There has, of course, been backsliding towards McCarthyism as it applies to Russian affairs under Biden’s Democratic administration. Witness the whole “cancel Russia” campaign. I note that Columbia’s Harriman Institute is today, for all practical purposes, a center of Ukrainian studies while Russian studies are languishing in a ‘de-colonization’ purge of academics and courses.

To be sure, no one in the States today fears a midnight knock on the door by the Feds for questioning about his or her thoughts on Putin and his Special Military Operation. That cannot be said about Canada, where a certain former diplomat in the country’s Moscow embassy and widely read blogger on Russian affairs in the new millennium named Patrick Armstrong was pressured by intelligence operatives to fall silent ‘or else.’  He took their advice and closed his web platform.

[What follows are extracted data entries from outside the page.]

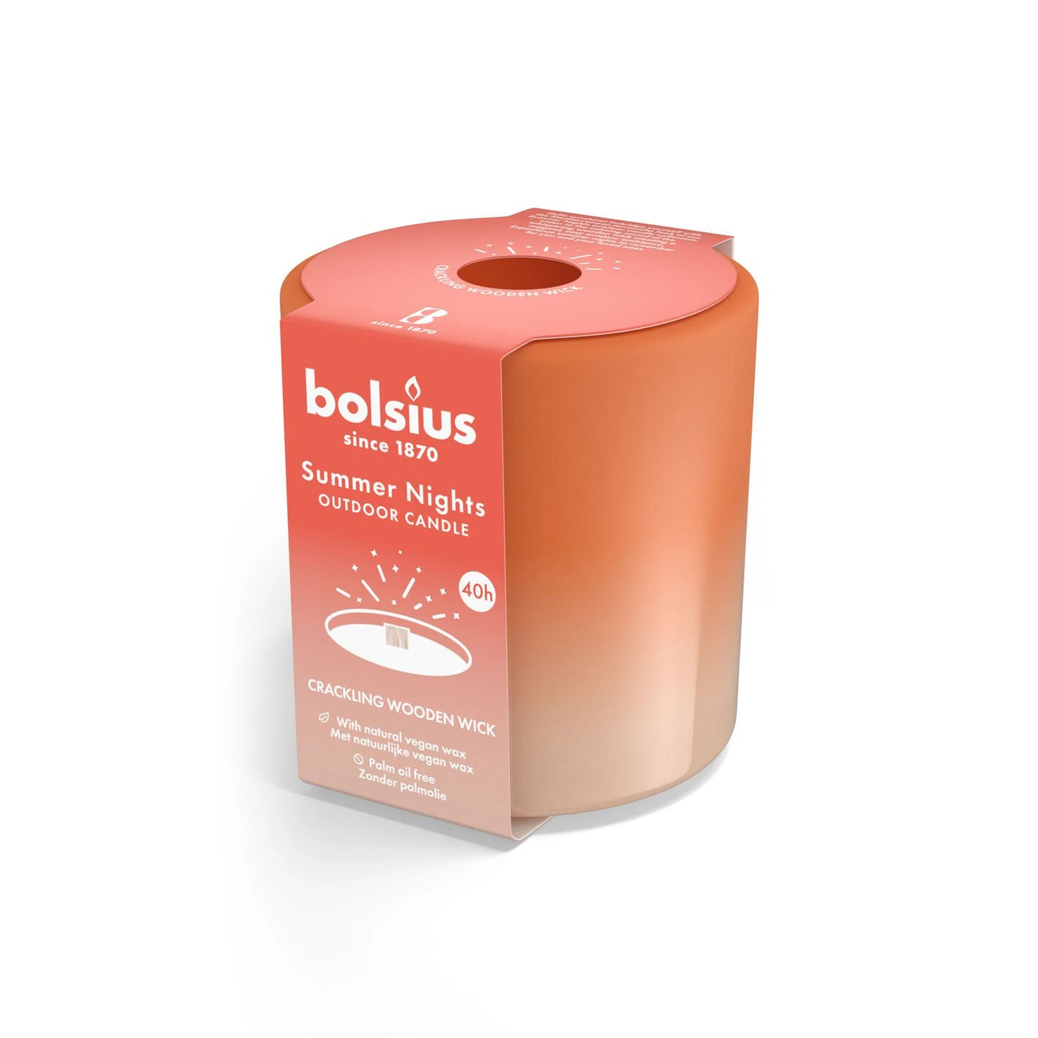Geniet van een zwoele zomeravond met de Bolsius Summer Nights kaars! Deze ivoor-kleurige kaars in een potje is speciaal voor gebruik buiten. Door de houten lont geeft de kaars een gezellig, knetterend geluid. Hierdoor zal de kaars je doen denken aan een gezellig knapperend vuurtje! De kaars biedt ca. 60 branduren.
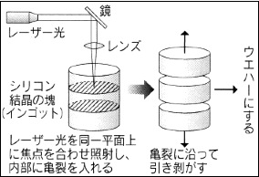 材料に対して透過性と吸収性を併せ持つレーザ光線は、材料内部で焦点を絞ることで内部加工痕を形成することができる。レーザスライシングは、スライスしたい面に沿って面状に加工痕を連続形成するため、材料剥離を可能にしている。通常、結晶材料では劈開性を利用し、アモルファス材料では熱膨張による引張応力を利用して剥離させている。
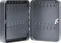 Uit metaal. Met een cilindersleutelslot. 2 sleutels meegeleverd. Met vaste lijsten. Kleur: grijs.
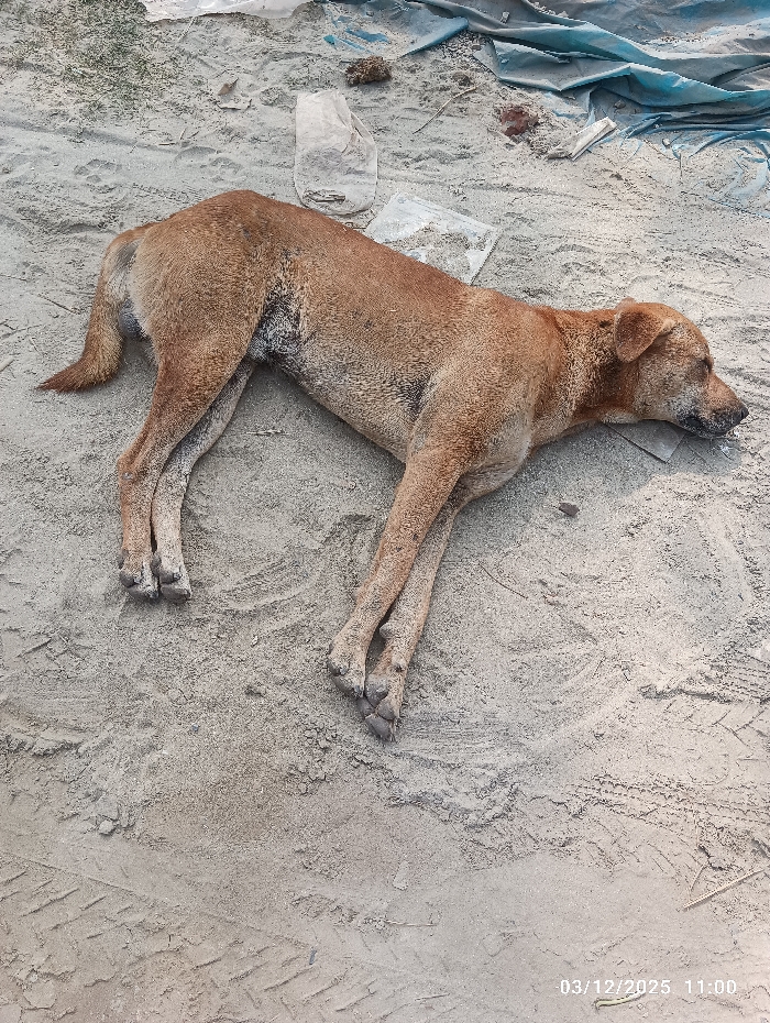 A tan and brown dog is observed lying on its left lateral side on sandy terrain in Kaliganj, Bangladesh
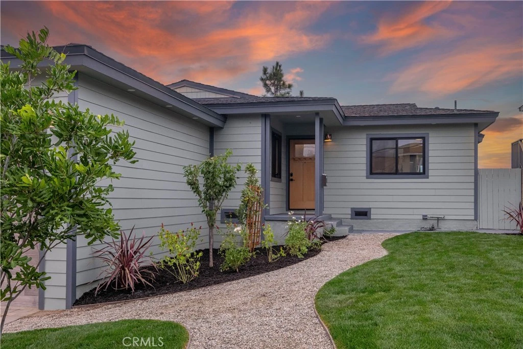 New Price Adjustment!!! Welcome to your future home at 25710 Crest Rd, a true “Honey, stop the car!” opportunity in the desirable Hillside Walteria neighborhood of South Torrance. This beautifully updated 4-bedroom, 1.75-bath home is ideally located just half a mile from Rolling Hills Estates and less than five miles from the beach. Boasting exceptional curb appeal, it features new exterior paint, Hardie siding, a 50-year CertainTeed Presidential Shingle roof, new fascia boards, soffits with casement lighting, three new exterior fixtures, an oversized custom garage door, a new paver driveway, tankless water heater, 200 AMP electrical panel, EV charger, and a stunning Signet fiberglass entry door with privacy glass. The front and rear landscaping showcase new sod, sprinklers, and drip systems, along with a Carrotwood tree, Green Gage plum tree, apple and lemon trees, and 45 new privacy trees in the backyard. Inside, natural light fills the open living room with refinished original hardwood floors, smooth ceilings, new baseboards, and LED recessed lighting that flows into the dining area with beautiful views. The fully remodeled kitchen features new soft-close cabinetry, quartz countertops, a farmhouse sink overlooking the landscaped front yard, stainless steel appliances, and luxury laminate flooring. The sunroom has been converted into a fourth bedroom with a private ¾ bath, recessed lighting, mirrored closets, and direct access to the rear yard. Both bathrooms include new marble flooring, full bathroom has new vanity, and elegant finishes. Additional highlights include new dual-pane Marvin Low E3 windows, fresh interior paint, skim-coated walls, five ceiling fans, and an inside laundry room with cabinetry. The spacious backyard is perfect for relaxing, entertaining, barbecues, or gardening. Conveniently located near Trader Joe’s, AMC Theatres, Whole Foods, 24-Hour Fitness, and an array of shops and restaurants. This stunning home is also located in wonderful neighborhood within top-rated schools. This gem won't last long, it's a must-see!!!
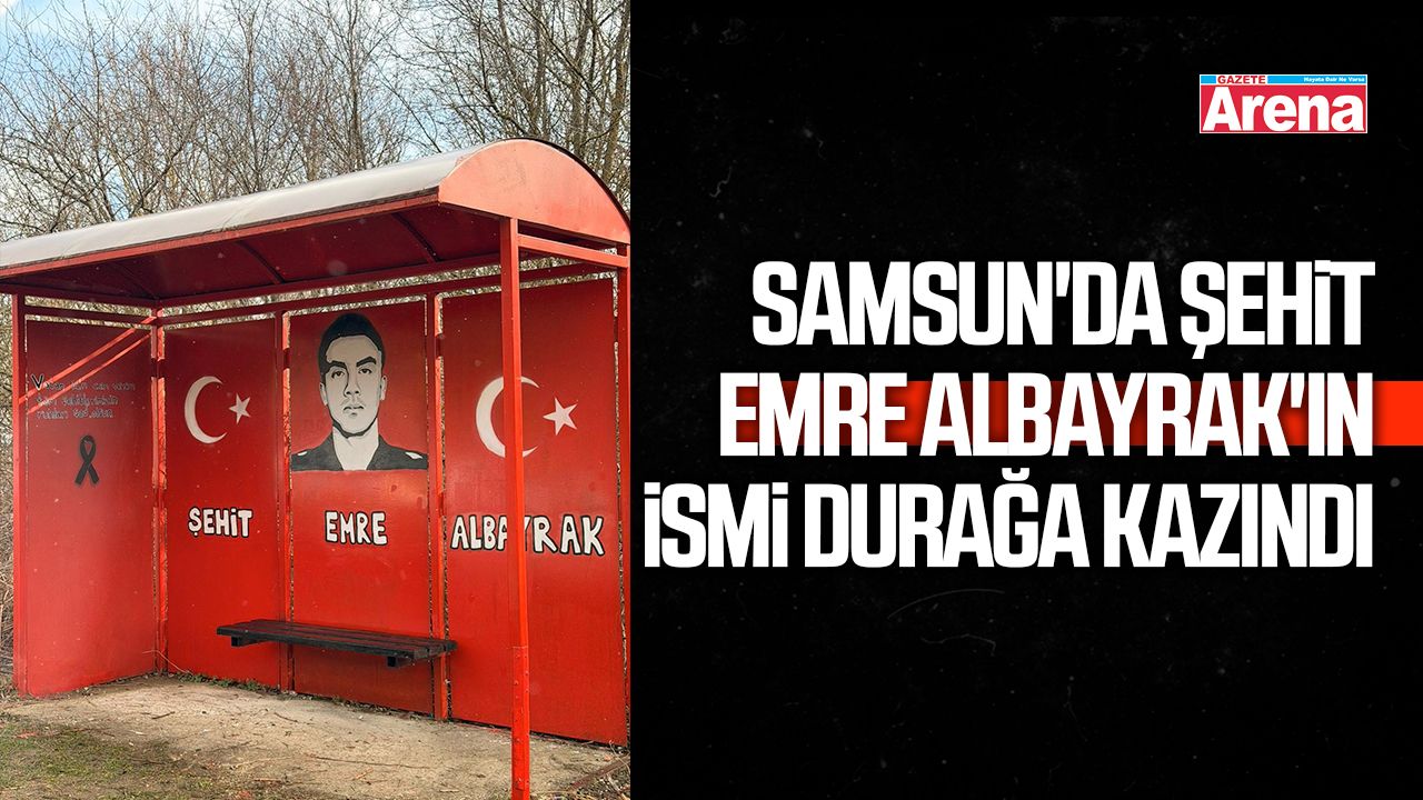 Samsun'un Ladik ilçesinde daha önce bir otobüs durağını Samsunspor renklerine boyayan Kaman ailesi, bu kez şehit Polis Memuru Emre Albayrak'ın babaevine giden yoldaki otobüs durağını şehidin anısına kırmızı-beyaza boyayıp, durağa şehidin ismini yazdı.
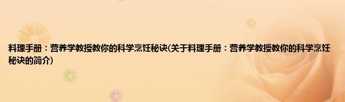本文关于料理手册:营养学教授教你的科学烹饪秘诀的简介就讲解完毕,希望对大家有所帮助。
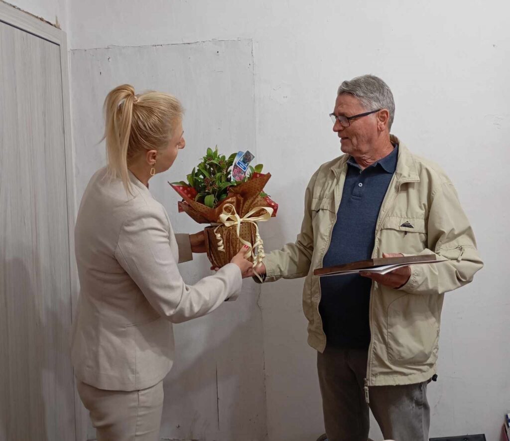 От името на кмета на община Струмяни г-н Емил Илиев и цялата общинска администрация рожденика получи поздравителен адрес, икона на „Света Богородица“ и красиво цвете, с пожелание за здраве, да бъде все така всеотдаен, да бъде социално ангажиран и мотивиран да дарява грижа, мъдрост и знания на своите съграждани и близки.
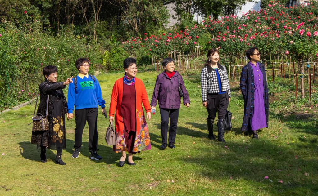 老同志们来到圣境花谷景区,有序游览园区,欣赏秋日的怡人风景,旧友重逢、相谈甚欢,留下了一路欢声笑语。“每年重阳节,学校都会组织我们老同志聚集在一起见见面,让我们一起出去走一走,感谢学校对老同志的关心与照顾。”已退休的陈老师感叹道。
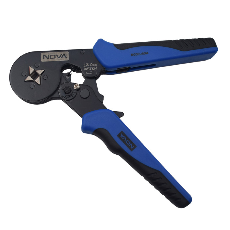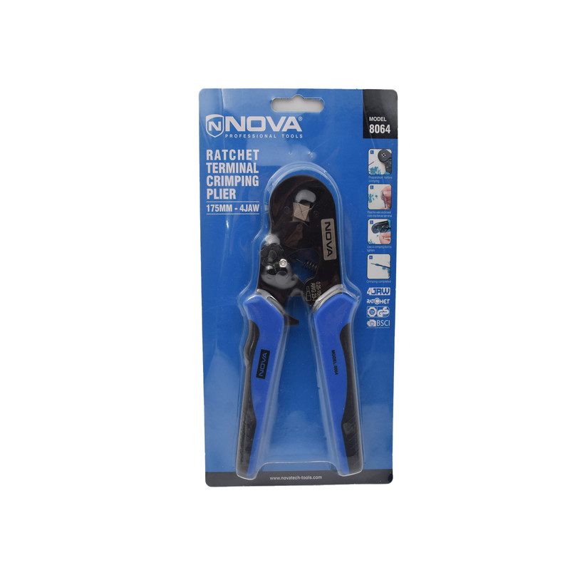 نووا یکی از بهترین شرکت ها در زمینه تولید ابزار می باشد این شرکت طی سالیانی که به تولید می پرداخته همچنان در این عرصه از پیشتازان می باشد .انبر پرس وایرشو چهار گوش نووا مدل 8064 از محصولات نووا بوده که مناسب برای برقکاران میباشد.این ابزار نوعی انبر وایرشو است که جهت پرس سرسیم در رنجهای 0.25 الی 10 میلی متر مربع روی سیم مورداستفاده قرار میگیرد. از ویژگیهای مهم محصول فوق قابلیت جغجغه ای بودن آن میباشد. فک آن فولادی بوده بوده و دسته آن از روکش پلاستیکی محکمی برخوردار است که به صورت ارگونومیک طراحی شده است. چهار پر بودن آن نیز موجب می شود تا سرعت انجام کار افزایش یابد . همچنین دستگاه فوق از وزن وابعاد مناسبی برخوردار بوده که کار با آن را آسان می نماید.
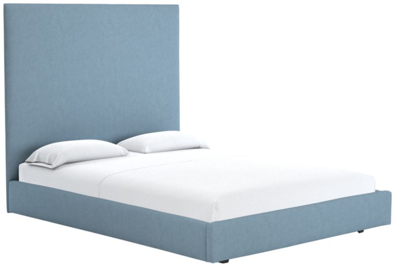 A study in proportion and restraint, bed pairs a clean box silhouette with exceptional materials. Solid maple wood frame supports a slim cushioned headboard scaled for comfort and dramatic height. The tailored design features a fully upholstered back, allowing it to float within a room. CB2 exclusive.
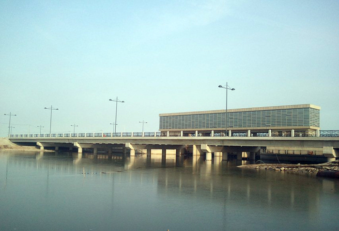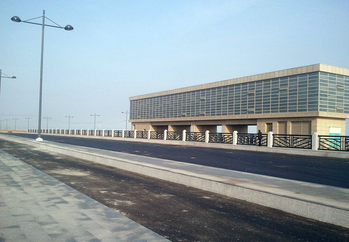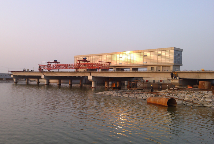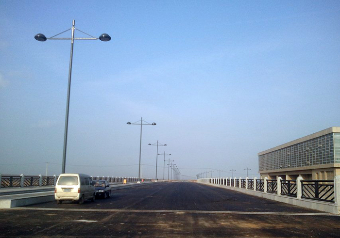 10月5日,架桥机进驻工地现场架设箱梁。箱梁分边跨边梁、边跨中梁、中跨边梁、中跨中梁4种规格,单片箱梁最大重量达100吨。10月12日,第一片箱梁顺利就位。至11月20日,54片箱梁全部架设完成。项目部技术人员及时进行质量、安全技术跟踪,严把质量关、安全关,扎实做好各项工作,确保架桥施工质量和安全得到有效控制。22日,桥面沥青混凝土摊铺结束。27日,人行道板、大理石装饰及路缘栏杆安装结束,一座雄伟的大桥展现在人们眼前。
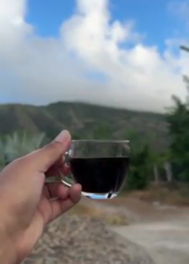 A close-up shot shows a hand holding a small glass cup filled with dark liquid, possibly coffee

But then Canada has never had a Trump at the helm.

In closing, for those who want to read an excellent insider’s account of how The New York Times management has consciously trampled on the principles expressed in the founders’ motto “all the news that’s fit to print” and became, as Steve Cohen wittily said, “all the news that fits” its Progressive Democrat biases, I heartily recommend an essay by the paper’s long time Op Ed page editor James Bennett, “When The New York Times lost its way.” When the New York Times lost its way




The complete disregard if not contempt for other sides to an issue is an essential foundation on which today’s McCarthyism is built.